Leaving nothing out, set down all the data exactly.

Start of DATA FOR THIS TASK

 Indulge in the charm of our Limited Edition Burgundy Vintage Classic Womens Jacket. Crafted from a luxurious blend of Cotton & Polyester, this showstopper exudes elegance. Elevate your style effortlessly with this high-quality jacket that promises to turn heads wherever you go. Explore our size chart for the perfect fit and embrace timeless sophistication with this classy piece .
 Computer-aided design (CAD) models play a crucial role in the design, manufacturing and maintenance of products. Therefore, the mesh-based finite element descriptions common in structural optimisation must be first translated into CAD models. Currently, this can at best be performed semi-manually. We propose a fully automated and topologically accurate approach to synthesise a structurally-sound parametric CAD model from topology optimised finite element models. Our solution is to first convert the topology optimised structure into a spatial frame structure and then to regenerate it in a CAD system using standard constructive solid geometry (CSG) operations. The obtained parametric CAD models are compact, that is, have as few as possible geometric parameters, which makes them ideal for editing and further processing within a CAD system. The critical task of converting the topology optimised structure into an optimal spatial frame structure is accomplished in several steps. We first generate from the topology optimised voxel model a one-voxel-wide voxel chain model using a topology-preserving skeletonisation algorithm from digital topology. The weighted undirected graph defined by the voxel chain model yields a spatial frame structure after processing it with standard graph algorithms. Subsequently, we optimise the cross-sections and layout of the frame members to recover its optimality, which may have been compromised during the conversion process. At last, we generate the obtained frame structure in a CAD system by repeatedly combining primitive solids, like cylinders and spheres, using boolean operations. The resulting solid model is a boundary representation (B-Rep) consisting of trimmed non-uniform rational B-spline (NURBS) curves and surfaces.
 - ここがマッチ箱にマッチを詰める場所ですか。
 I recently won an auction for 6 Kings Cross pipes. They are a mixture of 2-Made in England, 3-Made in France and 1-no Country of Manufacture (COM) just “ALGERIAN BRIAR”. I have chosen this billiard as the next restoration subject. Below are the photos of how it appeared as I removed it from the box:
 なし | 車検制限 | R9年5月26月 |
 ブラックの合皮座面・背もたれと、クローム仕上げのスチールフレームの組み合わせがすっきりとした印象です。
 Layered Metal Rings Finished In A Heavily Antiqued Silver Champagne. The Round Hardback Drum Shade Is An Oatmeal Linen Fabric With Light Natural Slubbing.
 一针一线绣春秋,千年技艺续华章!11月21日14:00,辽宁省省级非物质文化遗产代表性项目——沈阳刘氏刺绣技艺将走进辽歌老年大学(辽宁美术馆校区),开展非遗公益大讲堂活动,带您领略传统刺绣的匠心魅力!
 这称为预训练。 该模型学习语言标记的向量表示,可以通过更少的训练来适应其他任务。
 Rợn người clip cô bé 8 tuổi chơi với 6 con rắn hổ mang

End of DATA FOR THIS TASK

ANSWER FOR THE TASK:
 Indulge in the charm of our Limited Edition Burgundy Vintage Classic Womens Jacket. Crafted from a luxurious blend of Cotton & Polyester, this showstopper exudes elegance. Elevate your style effortlessly with this high-quality jacket that promises to turn heads wherever you go. Explore our size chart for the perfect fit and embrace timeless sophistication with this classy piece .
 Computer-aided design (CAD) models play a crucial role in the design, manufacturing and maintenance of products. Therefore, the mesh-based finite element descriptions common in structural optimisation must be first translated into CAD models. Currently, this can at best be performed semi-manually. We propose a fully automated and topologically accurate approach to synthesise a structurally-sound parametric CAD model from topology optimised finite element models. Our solution is to first convert the topology optimised structure into a spatial frame structure and then to regenerate it in a CAD system using standard constructive solid geometry (CSG) operations. The obtained parametric CAD models are compact, that is, have as few as possible geometric parameters, which makes them ideal for editing and further processing within a CAD system. The critical task of converting the topology optimised structure into an optimal spatial frame structure is accomplished in several steps. We first generate from the topology optimised voxel model a one-voxel-wide voxel chain model using a topology-preserving skeletonisation algorithm from digital topology. The weighted undirected graph defined by the voxel chain model yields a spatial frame structure after processing it with standard graph algorithms. Subsequently, we optimise the cross-sections and layout of the frame members to recover its optimality, which may have been compromised during the conversion process. At last, we generate the obtained frame structure in a CAD system by repeatedly combining primitive solids, like cylinders and spheres, using boolean operations. The resulting solid model is a boundary representation (B-Rep) consisting of trimmed non-uniform rational B-spline (NURBS) curves and surfaces.
 - ここがマッチ箱にマッチを詰める場所ですか。
 I recently won an auction for 6 Kings Cross pipes. They are a mixture of 2-Made in England, 3-Made in France and 1-no Country of Manufacture (COM) just “ALGERIAN BRIAR”. I have chosen this billiard as the next restoration subject. Below are the photos of how it appeared as I removed it from the box:
 なし | 車検制限 | R9年5月26月 |
 ブラックの合皮座面・背もたれと、クローム仕上げのスチールフレームの組み合わせがすっきりとした印象です。
 Layered Metal Rings Finished In A Heavily Antiqued Silver Champagne. The Round Hardback Drum Shade Is An Oatmeal Linen Fabric With Light Natural Slubbing.
 一针一线绣春秋,千年技艺续华章!11月21日14:00,辽宁省省级非物质文化遗产代表性项目——沈阳刘氏刺绣技艺将走进辽歌老年大学(辽宁美术馆校区),开展非遗公益大讲堂活动,带您领略传统刺绣的匠心魅力!
 这称为预训练。 该模型学习语言标记的向量表示,可以通过更少的训练来适应其他任务。
 Rợn người clip cô bé 8 tuổi chơi với 6 con rắn hổ mang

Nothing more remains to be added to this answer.